#### Exercise prompt
Copy out each line of the listing below in which the string "infestations" occurs.

[[ Material for the task open ]]

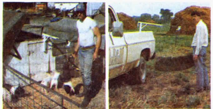
Scale goes most anywhere to weigh small animals, bales or whatever — up to 150 lbs.

Brooten Fabricating has launched a new custom lagoon or pit pumping
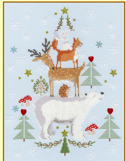
Snowy Stack ref XX16 19x29cm
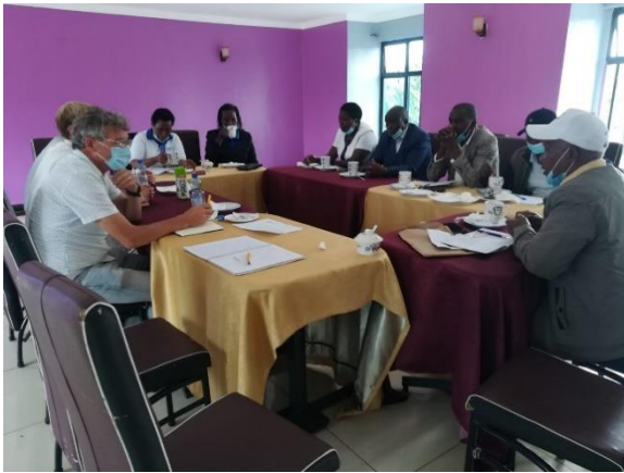
Meeting with Upper Thika and Thika Mid WRUA's
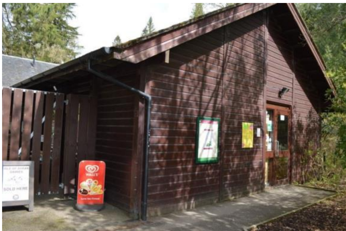
Above: The visitor centre entrance

The main route to the Garden is through the visitor centre and there is level access from the car park to the entrance. A welcome panel outside the entrance way provides information about the Garden including the easy access route. The visitor centre entrance door is 850mm clear opening with 1500mm clear spaces opposite the door.
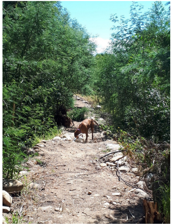
Dense infestations of Black Wattle ( Acacia mearnsii ), Black Alder and poplars cover the disturbed and degraded banks of the Dwars River, Western Cape, South Africa.

logically inviable manner (e.g. tackling dense infestations of invasive alien trees first, and the lower reaches of the river) risks compromising project success in the long term. This is especially in the context of extremely insecure funding for the medium to long-term and the unreliability of these funds, where having secure funding for follow-ups in this area, at least for the next 30 years, is essential.
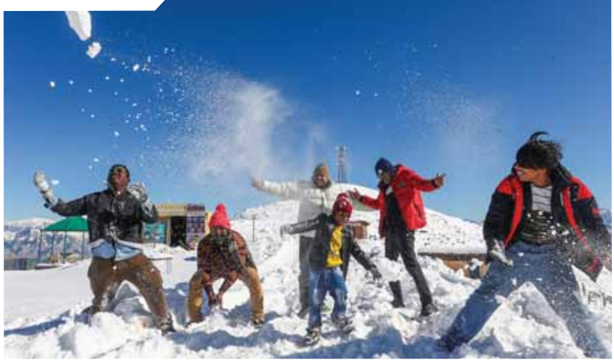
Tourists enjoy after fresh snowfall, at Patnitop hill station in Udhampur
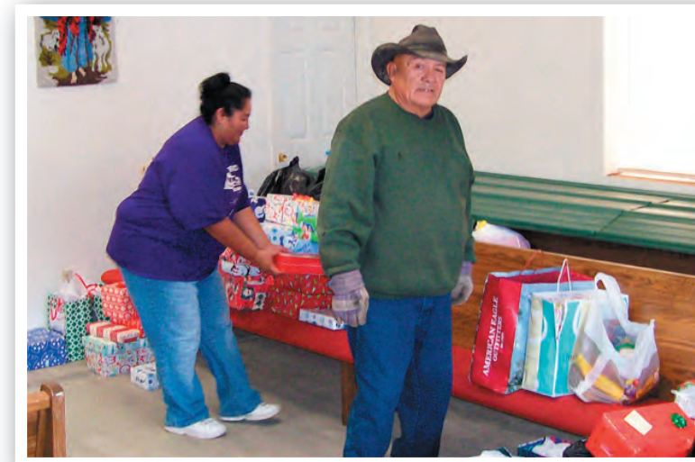
Unloading the presents.

[[ Material for the task closed ]]

#### Written response
Dense infestations of Black Wattle ( Acacia mearnsii ), Black Alder and poplars cover the disturbed and degraded banks of the Dwars River, Western Cape, South Africa.
logically inviable manner (e.g. tackling dense infestations of invasive alien trees first, and the lower reaches of the river) risks compromising project success in the long term. This is especially in the context of extremely insecure funding for the medium to long-term and the unreliability of these funds, where having secure funding for follow-ups in this area, at least for the next 30 years, is essential.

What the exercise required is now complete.